## [The problem]
Only the lines from the line with "The vases feature" through the end of the records belong in your reply, copied exactly, with every picture left out.
-- Source information follows --
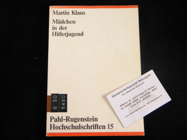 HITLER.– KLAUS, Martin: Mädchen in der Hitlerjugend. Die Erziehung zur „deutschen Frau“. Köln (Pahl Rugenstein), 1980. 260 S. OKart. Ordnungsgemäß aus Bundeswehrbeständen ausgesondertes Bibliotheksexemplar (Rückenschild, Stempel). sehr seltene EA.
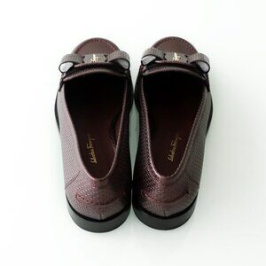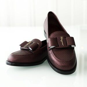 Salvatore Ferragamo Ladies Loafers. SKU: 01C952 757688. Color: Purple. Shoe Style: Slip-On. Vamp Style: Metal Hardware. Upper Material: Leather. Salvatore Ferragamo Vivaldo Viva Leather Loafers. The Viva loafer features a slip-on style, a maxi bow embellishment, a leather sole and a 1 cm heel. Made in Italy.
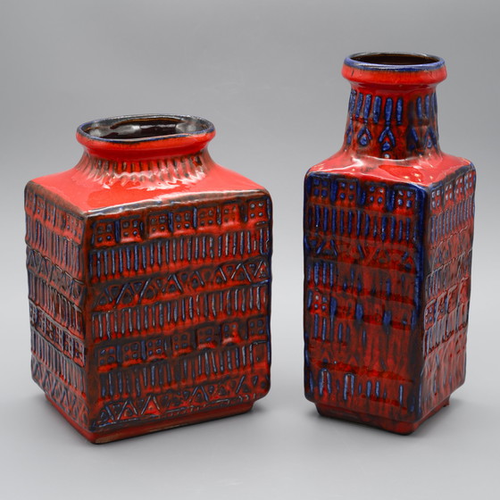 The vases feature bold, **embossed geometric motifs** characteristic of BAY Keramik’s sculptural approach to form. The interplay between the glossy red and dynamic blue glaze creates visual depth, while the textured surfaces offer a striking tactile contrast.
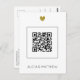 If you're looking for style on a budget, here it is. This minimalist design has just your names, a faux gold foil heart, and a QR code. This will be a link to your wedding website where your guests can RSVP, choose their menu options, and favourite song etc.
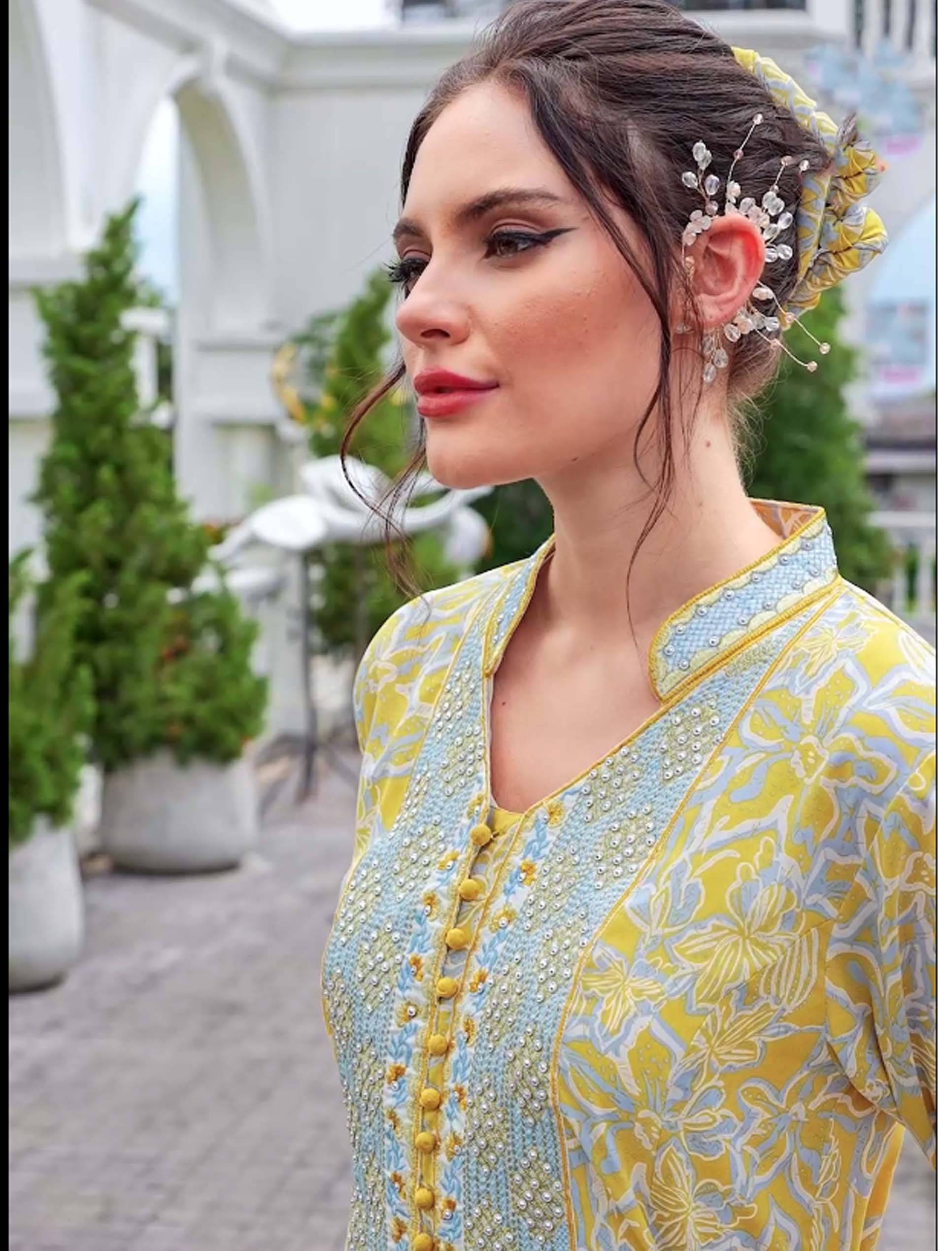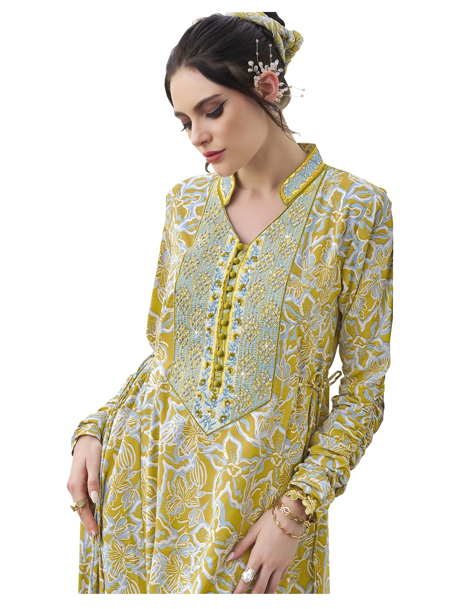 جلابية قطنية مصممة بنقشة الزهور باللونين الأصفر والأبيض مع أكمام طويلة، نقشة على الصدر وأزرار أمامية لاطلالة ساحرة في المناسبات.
-- Source information concluded --
## [Expected answer]
 The vases feature bold, **embossed geometric motifs** characteristic of BAY Keramik’s sculptural approach to form. The interplay between the glossy red and dynamic blue glaze creates visual depth, while the textured surfaces offer a striking tactile contrast.
 If you're looking for style on a budget, here it is. This minimalist design has just your names, a faux gold foil heart, and a QR code. This will be a link to your wedding website where your guests can RSVP, choose their menu options, and favourite song etc.
 جلابية قطنية مصممة بنقشة الزهور باللونين الأصفر والأبيض مع أكمام طويلة، نقشة على الصدر وأزرار أمامية لاطلالة ساحرة في المناسبات.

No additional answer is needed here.